根付と聞いて頭に浮かぶのはカバンや携帯につけるストラップの事ですが、本来の根付とは、おそらくみなさんがイメージしている根付とはまったくの別物です。
今回は、本来の根付が生まれたきっかけと現代のストラップ(根付)へ変化していく様子を考えてみたいと思います。

根付(ねつけ)の起源

根付は江戸時代に生まれた日本独自の伝統美術です。
江戸時代、着物を着る際に印籠や巾着、煙草入れなどを留める道具としてファッションの一つとしても発展し、色々な形に変化していきます。
みなさんが一番ご存じなのは水戸黄門の印籠ではないでしょうか?
その印籠を着物に携帯する際必要だったのが根付です。根付は印籠と紐でつながっており帯の下から根付をくぐらせて帯の上で留め、印籠をぶら下げるためのいわばストッパーの役目でした。
印籠に豪華な蒔絵があるように、根付も技術を競い合い美術品へと変貌していきます。
これが根付が生まれた簡単なな歴史です。

細密彫刻が作り出す掌の中の小宇宙とは

根付は細密彫刻といわれ、サイズは掌の中に納まる3㎝から4㎝です。
職人が競い合って技術を磨いてきた歴史があり細密彫刻の具合は職人によって違います。拡大ルーペで何倍にしても大きな品と同様に彫れており、ささくれなどがなく滑らかに仕上げてあるものが多いです。
その中にはまさに超絶技巧!!とよばれるような、どうやって彫ったかがわからない「からくり」や「透かし彫り」の根付などもあります。
また、360度どの角度から見ても美しく、置物のように上下がなくデザインも無限の可能性を秘めています。
そのような事から「掌の中に握った時、まるでそこに小さな宇宙あるようだ」との表現をされたのだと思います。
動物の毛彫などは肉眼では見えないほどに、1ミリの中に何本もの毛の模様が彫られています。

根付(ねつけ)の彫刻の仕方

現代ではルーターといわれる電動機を使い作られる作品がほとんどですが、当時は彫刻刀と簡単なルーペのようなもののみで創り上げており、技術がいかに高かったかがわかります。
私自身も彫刻を本業としており根付を作りますが、ルーターは使用しません。
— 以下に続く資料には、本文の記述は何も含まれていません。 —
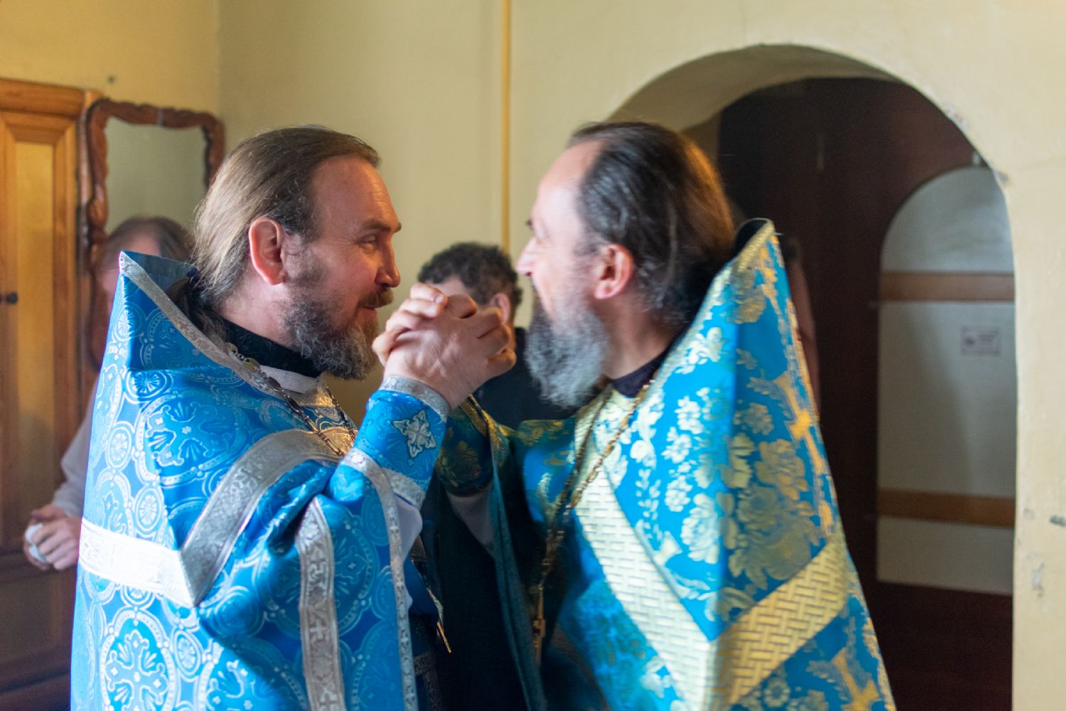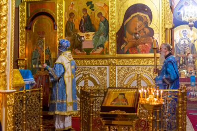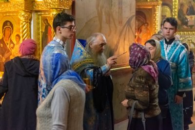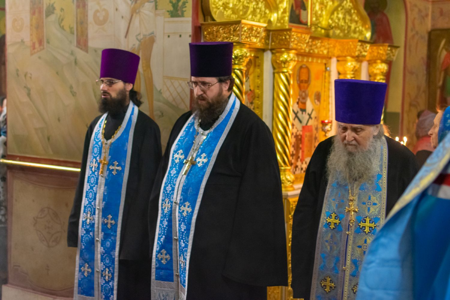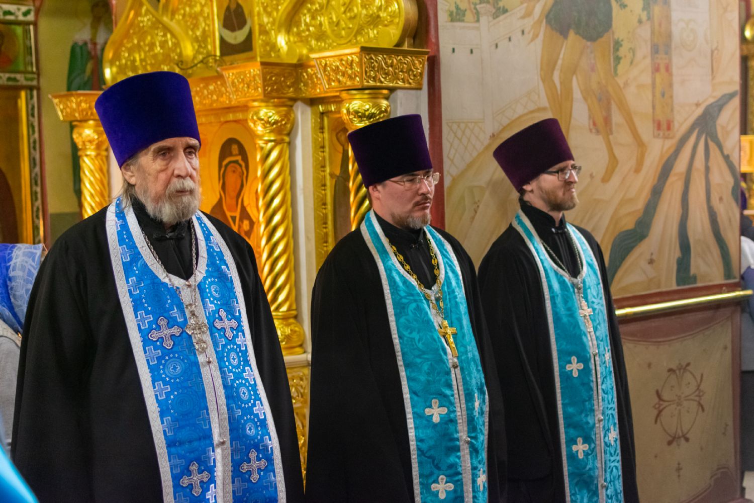 За Всенощным бдением Владыке сослужили настоятель Вознесенского собора протоиерей Евгений Кутырев, клирики собора протоиерей Георгий Втюрин, иереи Александр Козлов, Владимир Глебов, Александр Деревяшкин, диакон Владимир Лихачев и клирик храма Рождества Пресвятой Богородицы с. Семеновка протодиакон Михаил Козловский. Песнопения исполнял хор храма.

あくまでも先人たちへのリスペクトと自分への挑戦の意味で彫刻刀の技術を使います。
ルーター彫刻は材料が木であれば逆目が関係なく彫刻刀の技術とは相反します。どちらが難しいなどというような話はする必要がなく、各職人へのリスペクトのためここで技術要素についての比較はあえてしない事とします。

根付(ねつけ)の種類

根付にはたくさんの種類があります。以下に一部抜粋します。

  • 形彫根付(通常の根付)
  • 面根付
  • 饅頭根付
  • 鏡蓋根付
  • 差し根付

根付の材料も、木・象牙・珊瑚・翡翠・琥珀・鯨の刃・イッカク等、たくさんあります。

根付(ねつけ)の醍醐味

根付はただ小さく細密彫刻というだけではありません。デザインが命ともいわれます。
業界では「ひねり」といわれるもので、置物と違360度全てに彫刻がされ、いかに角のないデザインにたたむかが職人としての感性と技術が問われます。
例)長い馬の脚を折りたたむようにしたり実際はありえないようなねじり方をしたりします。
さらに根付にとって難しいといわれる点は、紐通しが必要な事です。紐を通した際にデザインが壊れないようにしなければならず、単純に動物であれば背中に穴をあければよいわけではないのです。

現代の根付(ねつけ)

現代の根付は気軽に使えるストラップが主流となり使い方も変化しました。
印籠を留めるのではなく、印篭が必要ない時代では根付をぶら下げるという使い方です。これはまったく違う使い方で、ぶら下げる場合は紐通しの穴は上にありますが、本来の根付の穴は下(底面)にあります。
これは印籠が下で帯で根付を留めるため、根付が上を向くためには下に穴がなければならないからです。本物の根付を今ぶら下げて使った場合は根付は逆さまになってしまいます。
現代の根付はストラップのことを指し、本来の根付は印籠につける美術品と考えるのがわかりやすいかもしれません。

まとめ

本来の根付はとても技術が必要で簡単にはできません。そのためかなり高額になり、美術品の一つとして扱われています。
現代根付の相場は30万~100万です。
余談ですが、過去の古根付のオークション最高額はなんと3,900万円!!
ストラップではなく本根付とよばれる根付は、知れば知るほど奥が深くとても楽しめる作品です。
みなさんも本物の根付を見る機会があればデザインを含め、是非楽しんでみてはいかがでしょうか?